ECLI:NL:CRVB:2021:2104
Centrale Raad van Beroep
- Hoger beroep
- Rechtspraak.nl
Beoordeling van de ontvankelijkheid van bezwaar tegen besluiten over studiefinanciering
In deze zaak heeft de Centrale Raad van Beroep op 18 augustus 2021 uitspraak gedaan in hoger beroep tegen een eerdere uitspraak van de rechtbank Noord-Nederland. De zaak betreft de ontvankelijkheid van het bezwaar van appellante tegen besluiten van de Minister van Onderwijs, Cultuur en Wetenschap over studiefinanciering. De minister had het bezwaar van appellante wegens termijnoverschrijding niet-ontvankelijk verklaard. Appellante had bezwaar gemaakt tegen besluiten van 6 december 2016 en 24 mei 2017, maar diende dit bezwaar pas op 21 december 2018 in, wat na de wettelijke termijn van zes weken was. De rechtbank had het beroep van appellante tegen het bestreden besluit ongegrond verklaard, en de Centrale Raad van Beroep heeft deze uitspraak bevestigd.
De Raad oordeelde dat de termijnoverschrijding niet verschoonbaar was, ondanks de medische situatie van appellante en de impact van haar operaties.

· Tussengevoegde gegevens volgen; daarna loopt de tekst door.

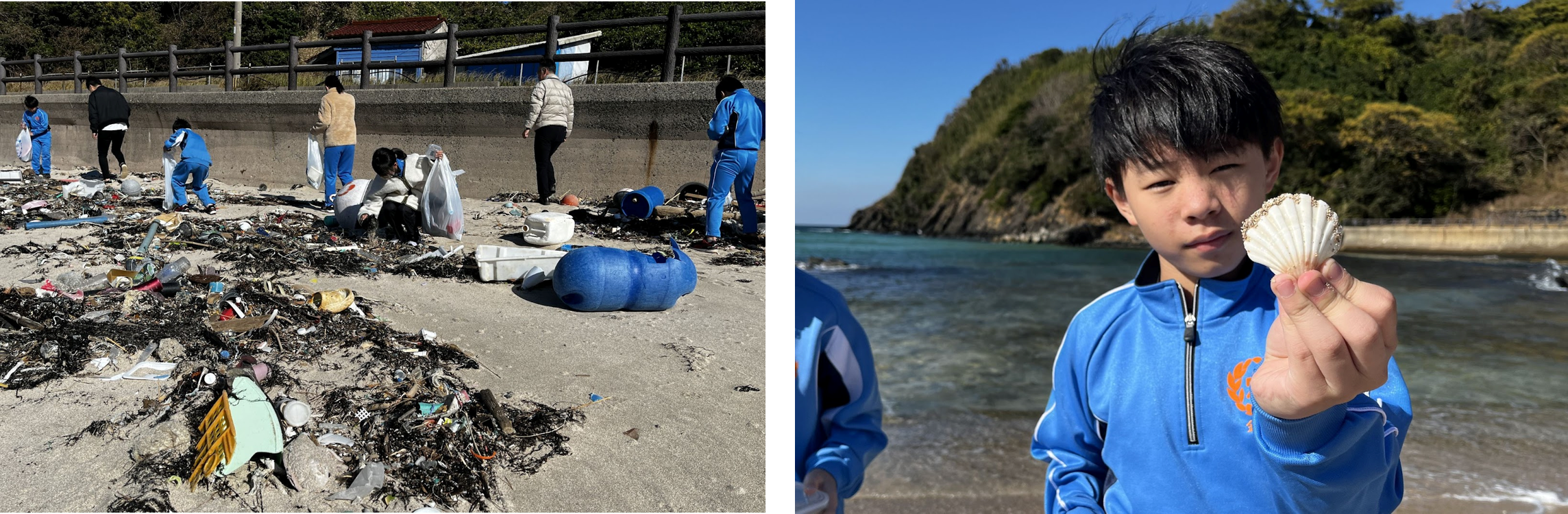 子どもたちは、実際に砂浜に出てビーチコーミングを行いました。悪天候が続いた後の海岸には、大量のごみが打ち上げられていて、ごみの中にきれいな貝が落ちていました。
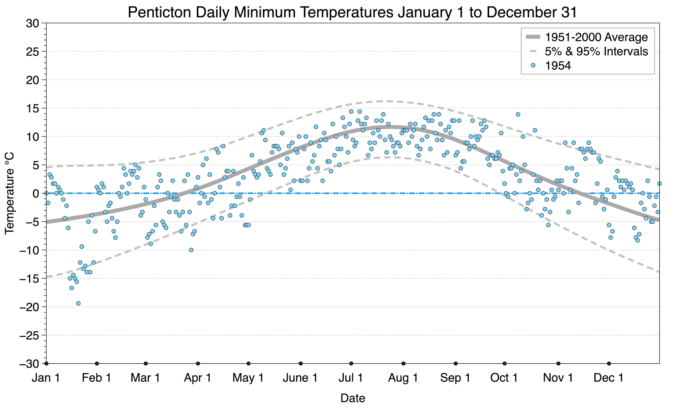 The graph below displays the day-to-day values of minimum daily temperature (blue dots) at Penticton for the year 1954. On this graph, the dark grey thick center line is the average daily temperature calculated from 50 years of data from 1951 to 2000. The dotted light grey lines are the 5% and 95% probability intervals - about 90% of the data from 1951 to 2000 fell within these boundaries. Daily temperatures can be considered as extreme cold or extreme hot events if they that fall outside the 5% or 95% probability intervals, respectively.
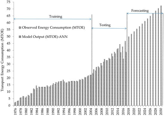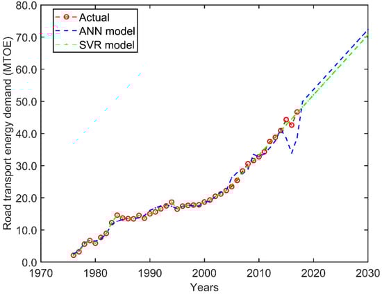 The ANN and SVR models were developed using MATLAB software. Data sets from 1976 to 2017 were used for analysis. Data from 1976–2004 were utilized for training, whereas data from 2005–2017 were used for testing. The data were projected up to 2030 using a double exponential smoothing technique. Data and trend smoothing factors were selected using the systematic trial and error process. Road transportation energy consumption was modeled using the projected input. Two important hyperparameters which need to be specified in the SVR model are appropriate C and ε values. With the goal of maintaining a balance between the learning error and the complexity of the model, C determines the optimal number of support vectors. The lower and higher C values are associated with underfitting and overfitting, respectively. When used to SVR, the ε is a normalization setting that establishes a compromise between error margin and model robustness to produce optimal adaptation on a new testing dataset. The smoothness of SVR’s response is affected by the value of ε. As a result, the model’s complexity and predictive validity rely on the parameter value of ε. After many systematic trial and error experiments, the values of C and ε are fixed to 1000 and 0.001, respectively. The conceptual framework of the suggested AI-model for predicting Saudi Arabia’s energy needs for road transport is depicted in Figure 5.
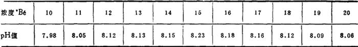 注:上表中是真空罐排出的苦卤,测定pH值使用锑电极。
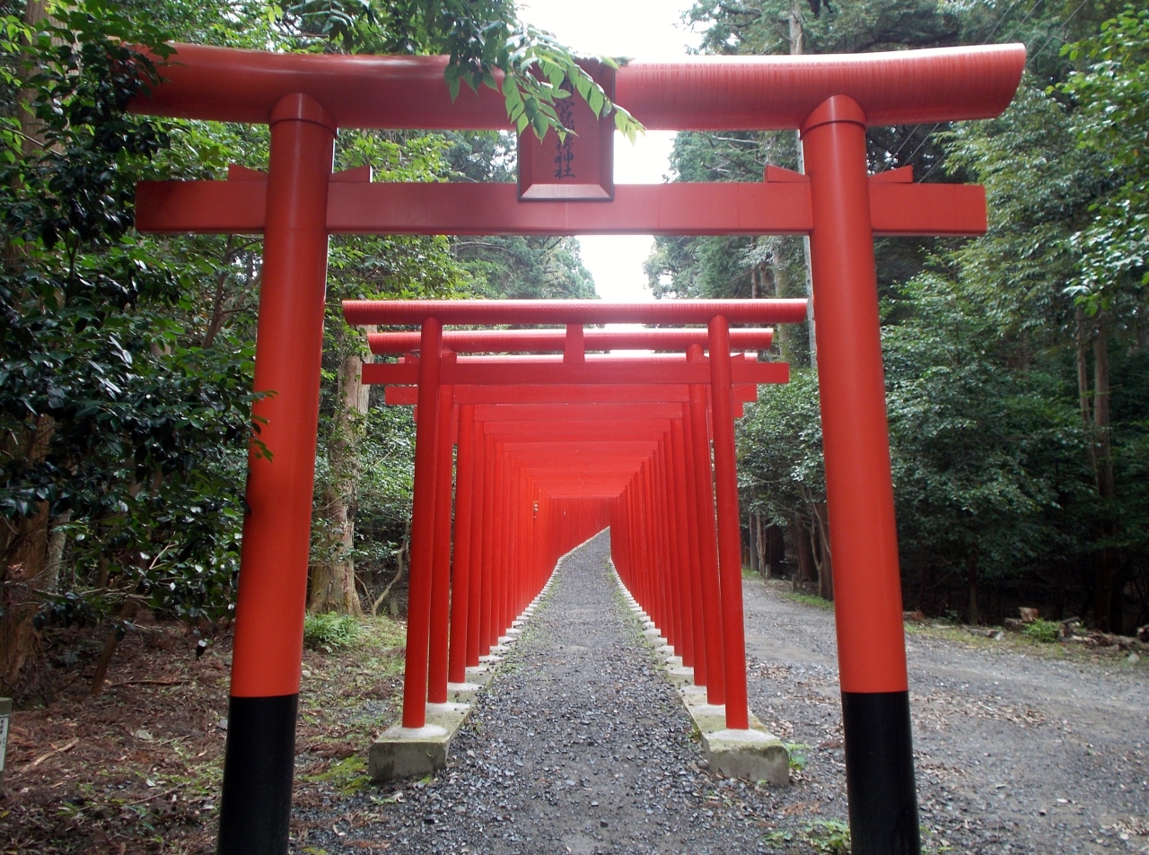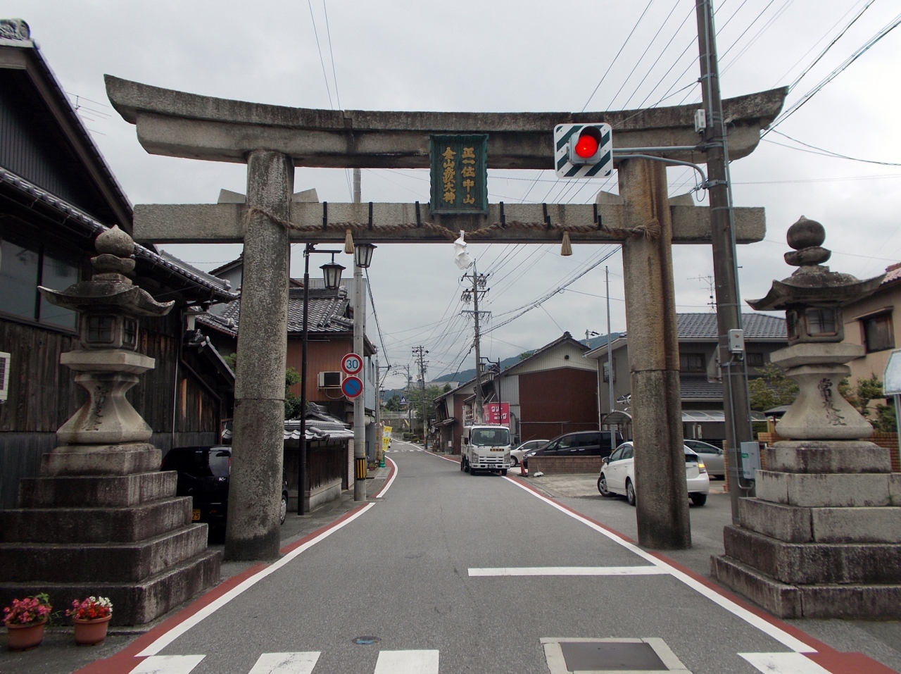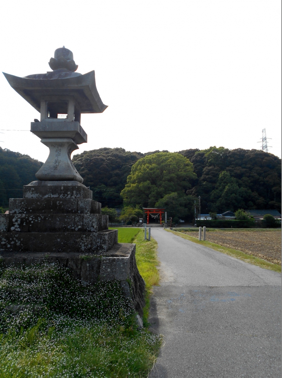 岡崎市内国道1号線舞木町西交差点を曲がると、正面に「山中御宮」と銘打ちされた石燈籠があり、右手に朱塗の鳥居と社叢が見えます。
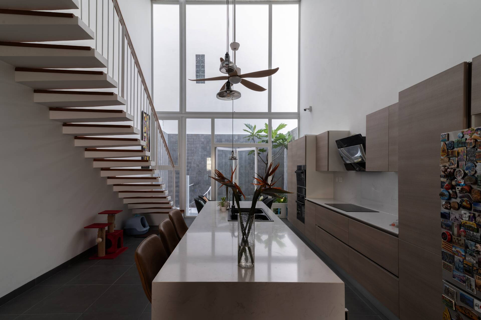 Với những căn nhà có tầng lửng hoặc thiết kế lệch tầng, cầu thang có thể trở thành điểm phân chia tự nhiên giữa bếp và phòng khách. Không cần thêm chi tiết nào phức tạp, chính kiến trúc sẵn có đã tạo nên sự riêng biệt đầy tinh tế.
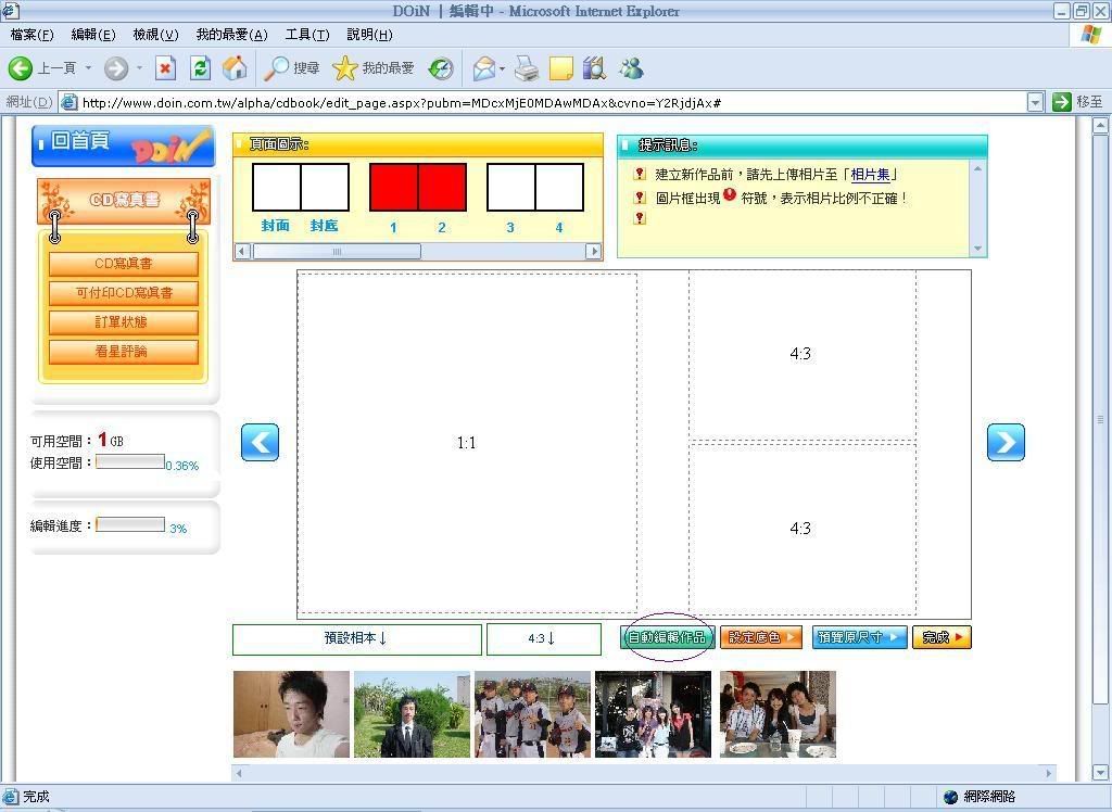 如果你懶得一張一張選照片 花時間的想哪頁要放什麼照片 你可以選自動編輯 他會幫你自動配置
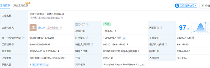 资料显示,佳运置业(全称为上海佳运置业集团有限公司)为上海老牌房企,总部位于浦东周浦。该公司由沈仁兴于1999年成立,开发项目有浦东川沙板块的“佳运公寓”、浦东周康板块的“仁和都市花园”。此前2022年,佳运置业在上海连落3子,相继开发项目“佳运名邸”、“佳运汇龙府”、“佳运瑞璟湾”。
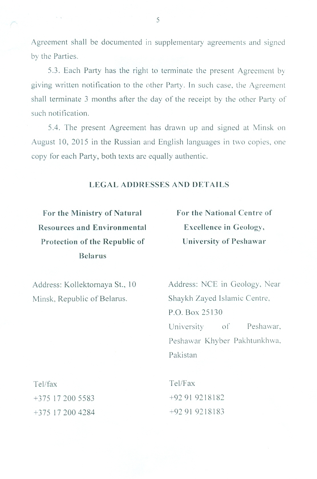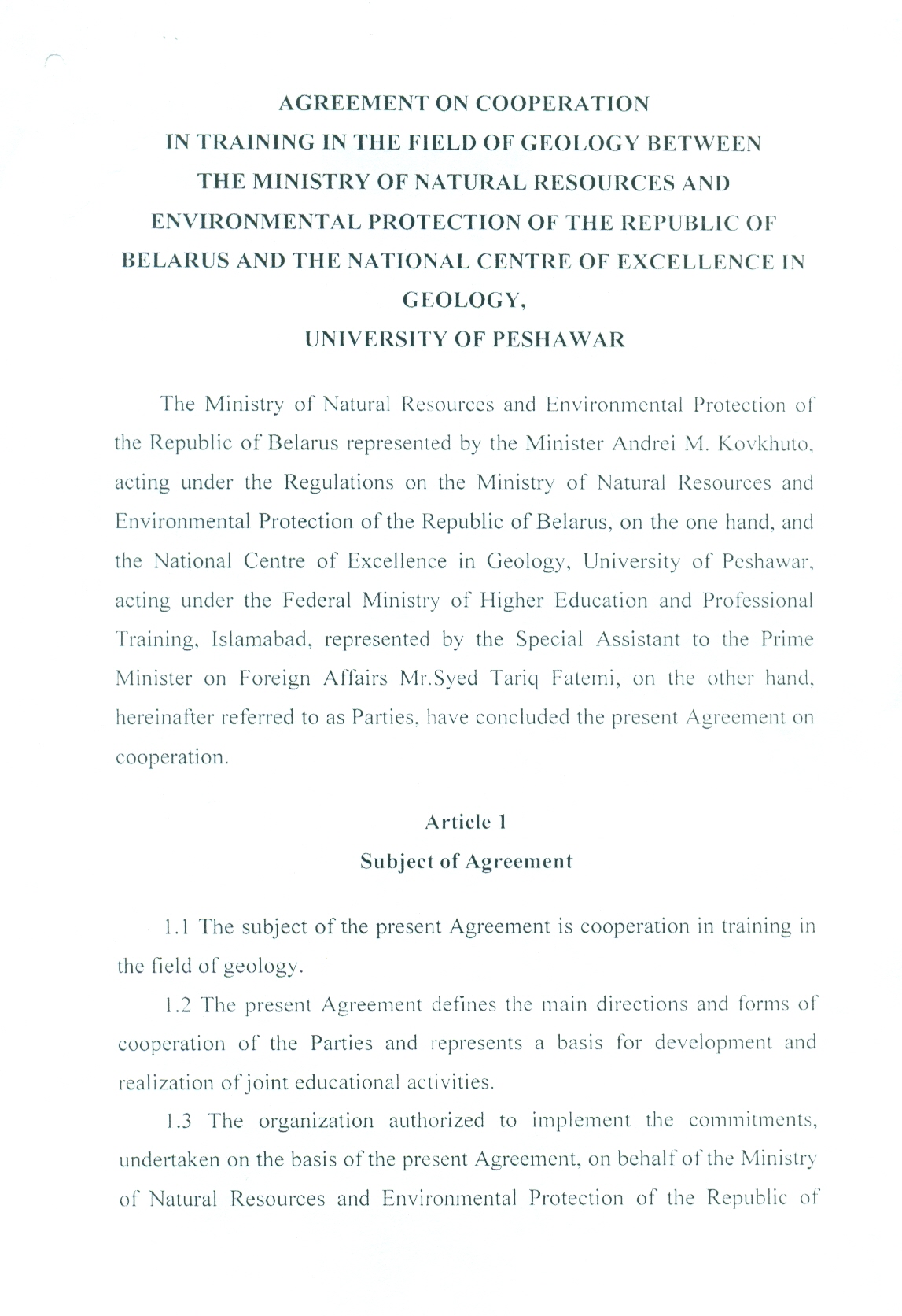 MOU Signed between NCE in Geology and The Minsitry of Natural Resources and Environmental Protection of the Republic of Belarus
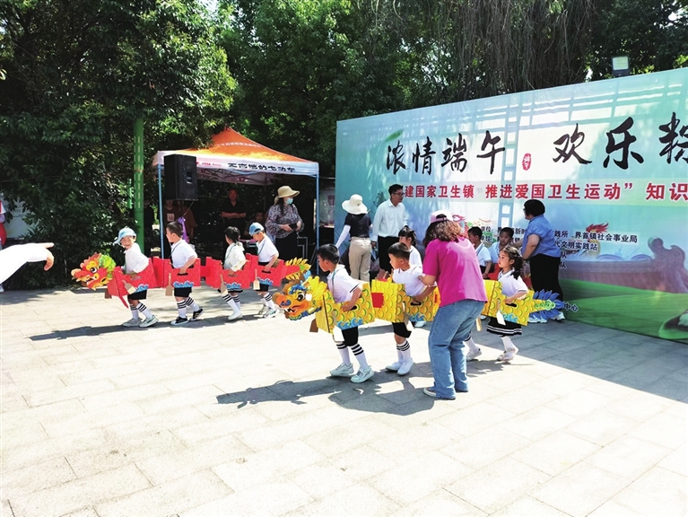 来自中心幼儿园的3支“旱地龙舟队”在赛道上比拼,稚气可爱、妙趣横生。界首卫生院药剂科医师给观众现场制作并赠送驱蚊香囊,普及卫生常识和创建国家卫生镇知识,拓展了活动内涵。
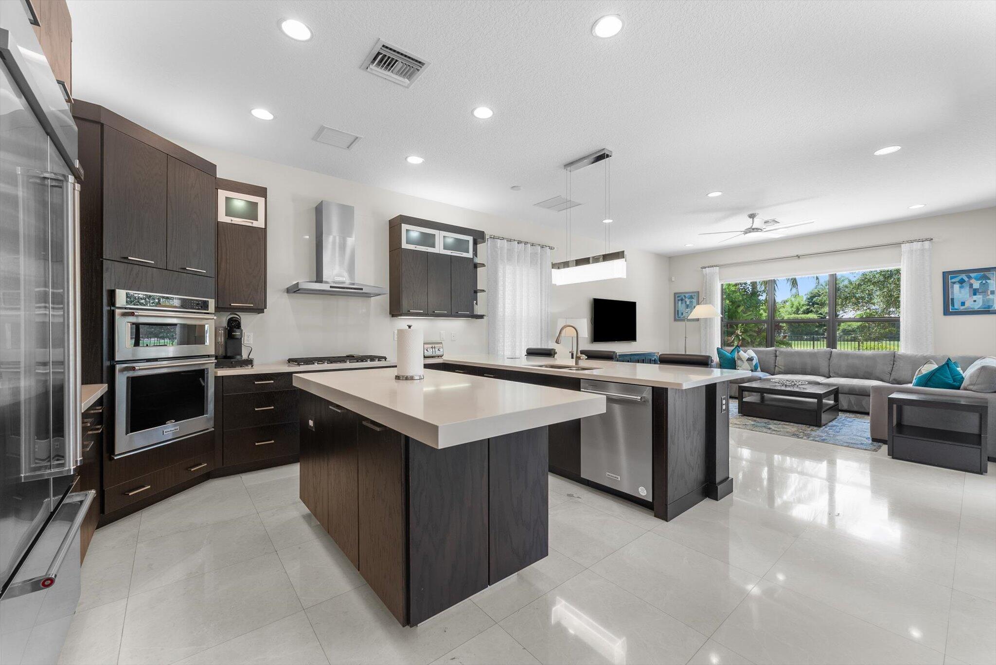 Experience the ultimate in luxury living with this fully furnished 4 BR, 4 BA pool home in the exclusive gated community of Seven Bridges. Designed for comfort and style, this home offers expansive living spaces with soaring ceilings and an open, airy layout. A formal dining room and wet bar create the perfect setting for entertaining, while the chef's kitchen is equipped with premium stainless steel appliances, double ovens, and a casual dining area ideal for everyday living. The oversized primary suite provides features two walk-in closets and a spa-inspired bathroom. Step outside to a private, fenced backyard with a sparkling pool and beautiful lake views. The home also includes a 2-car garage and is ideally located near the Turnpike, Delray Marketplace, shopping, and dining.

De Raad stelde vast dat appellante voldoende tijd had om tijdig bezwaar te maken en dat de Berichten studiefinanciering duidelijk op rechtsgevolg waren gericht. De Raad concludeerde dat de aangevallen uitspraak van de rechtbank terecht was en dat er geen aanleiding was voor een veroordeling in de proceskosten. De uitspraak werd gedaan door D.S. de Vries, met H. Spaargaren als griffier, en werd openbaar uitgesproken op 18 augustus 2021.